A given IT infrastructure in software development company can implement MAC systems in many places and at different levels. OS uses MAC to guard files and directories.

Database management systems apply MAC to regulate access to tables and views. Best commercially available application systems apply MAC, often independent of the operating systems and/or DBMSs on which they are installed.

OS constrains the ability of a subject or initiator to access or perform some operation on the object. Subject is usually a process thread and objects are constructs like files, tcp/udp ports, shared memory segments etc.

Whenever Subject tries to access Object, an authorization rule enforced by the operating system kernel inspects the security attributes and chooses whether access can take place.

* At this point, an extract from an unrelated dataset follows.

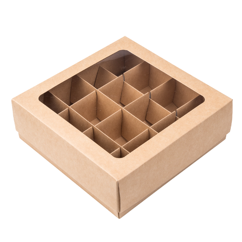 Коробка NEW для пирожных и креманок 16 ячеек с окном, крафт

Information classification is necessary, label-based

• Well suited to the requirements of government and industry organizations that process classified and sensitive information 
• Such environments usually require the ability to control actions of individuals beyond just an individual's capability to access information permitting to how that information is labeled based on its sensitivity 

RBAC 

• In RBAC model, a role is well-defined in terms of the tasks and operations that the role will need to carry out, whereas a DAC sketches which subjects can access what objects. 
• RBAC uses a centrally administrated set of controls to determine how subjects and objects act together. This type of model allows access to resources to be based on the role the user holds within the company example Software Development Company. 
• A role can be thought of as a set of transactions that a user or set of users can perform within the context of an organization i.e. a collection of permissions.
• A transaction can be thought of as a transformation procedure plus a set of associated data items 
• Roles are group oriented; created for job functions 
• Roles are plotted on the principle of least privilege 
• Role-based access control policy bases access control decisions on the functions a user is permitted to perform within an organization 
• RBAC provides a means of naming and describing many-to-many relationships between individuals and rights 
• A user has access to an object based on the assigned role. 
• Roles are defined based on job functions. 
• Permissions are defined based on job authority and responsibilities within a job function. 
• Operations on an object are invocated based on the permissions. 
• The object is concerned with the user’s role and not the user. 

Conclusion: 

Thus, the Custom Software Development Company should carry out structured ways for Access Control and assigning roles to the employees based on the privileges. This leads to secure access and intact security in the company or a firm which restrict the entities from using unauthorised information.